Não confio mais nas cigarras



Em tempos de conferências para discutir medidas visando diminuir as consequências de séculos de descaso com o planeta, cá do meu quintal fico observando as mudanças irreversíveis já ocorridas.

Ouço seguidamente as pererecas e nada de chuva. Canta a cigarra chamando tempo bom (o cigarra, melhor dizendo, porque é ele quem canta) e então acontece o contrário, desabam temporais.

Seria o caso de não confiar mais nas cigarras, nas pererecas?

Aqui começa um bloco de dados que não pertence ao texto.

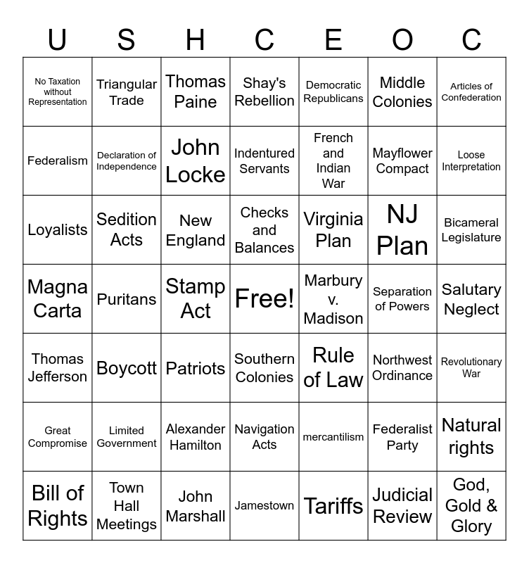 This bingo card has a free space and 48 words: mercantilism, Mayflower Compact, Jamestown, Puritans, New England, Salutary Neglect, Triangular Trade, Town Hall Meetings, Middle Colonies, Southern Colonies, Articles of Confederation, Shay's Rebellion, NJ Plan, Virginia Plan, Great Compromise, Separation of Powers, Federalism, Loose Interpretation, Federalist Party, Democratic Republicans, French and Indian War, Stamp Act, No Taxation without Representation, Declaration of Independence, Natural rights, John Locke, Bicameral Legislature, Bill of Rights, Checks and Balances, Sedition Acts, Judicial Review, Marbury v. Madison, Revolutionary War, Limited Government, Magna Carta, Rule of Law, Northwest Ordinance, Loyalists, Patriots, Alexander Hamilton, Thomas Jefferson, God, Gold & Glory, Thomas Paine, John Marshall, Indentured Servants, Navigation Acts, Boycott and Tariffs.

Para onde voaram as joaninhas da minha infância, lindas em sua roupa de bolinhas? E os camaleões transparentes, dos quais morríamos de medo que despencassem do teto sobre nós quando estávamos deitados em nossas camas porque “grudavam” na pele?

Agora entram por minhas janelas insetos nunca vistos, nem por minha mãe. As mangueiras dão frutos que caem antes de amadurecerem, e já foi dito que as mangueiras da Mata Atlântica estão doentes.

Não, não dá mais tempo.

E como sempre aconteceu, uma geração será suplantada.

Somos espectadores e protagonistas do espetáculo desta seleção natural.

Já somos jurássicos.

Não gostamos do que assistimos porque somos aqueles que serão substituídos por uma geração que esteja mais preparada. A geração dos que respirarão um ar que para nós já está poluído; uma geração que suportará as absurdas temperaturas de que já percebemos o prenúncio; a geração que comerá uma comida quimicamente diferente no sabor, cor e textura, desta que estamos acostumados a comer.

Uma geração que nunca ouvirá cigarras ou pererecas nem verá camaleões e joaninhas.

E não sentirá a saudade que sinto deles.

Moça, a senhora pisca-pisca?

Mês de dezembro, calor, férias, véspera de natal, o Saara abarrotado de gente, com pressa, suada, com nem tanto dinheiro assim, que vai às compras de presentes mais baratos ou mercadoria pra revender.

Lojas cheias, vendedores zonzos com tanto pedido, tanta devolução, tanta escolha. Gente que negocia, pede desconto, este aqui vai, aquele não, que quer trocar produto.

— Mais alguma coisa, senhora?

Vendedor que sobe e desce escada, faz conta, embrulha.

— Próximo.

Dá pra confundir qualquer um, principalmente a parenta que tem um bazar e que nesta época fica ainda mais atarantada (ainda mais).

Chega pra uma coreana e pergunta:

— Moça, a senhora pisca-pisca?



Outra da parenta:



A família se reúne no dia de Natal para almoçarmos juntos em casa da irmã mais nova por uma série de conveniências: espaço, proximidade para a maioria de nós e todo mundo vai pras suas igrejas à noite.

A irmã do meio mora mais longe de nós e sempre que possível alguém vai até lá busca-la de carro. Uma gentileza que às vezes a constrange e ela tenta a todo o custo evitar.

Dia de Natal, todo mundo num entra e sai na casa da tia mais nova, a churrasqueira já preparada, mesa posta, últimos retoques na decoração da mesa.

— Quem vai buscar a tia? Liga pra ela pra saber se já pode ir.

— E aí, tia, vocês já estão prontos? A gente já pode sair daqui?

— Não, não vem, não, eu já estou no ponto do ônibus, a gente vai se desencontrar. Não vem, não.

— Como assim, tia? Como você está no ponto do ônibus se eu estou falando no seu telefone fixo?

— Hahahahahaha, ela se escangalha de tanto rir.


Nós a amamos por um monte de motivos e também por este, o de nos proporcionar histórias de família.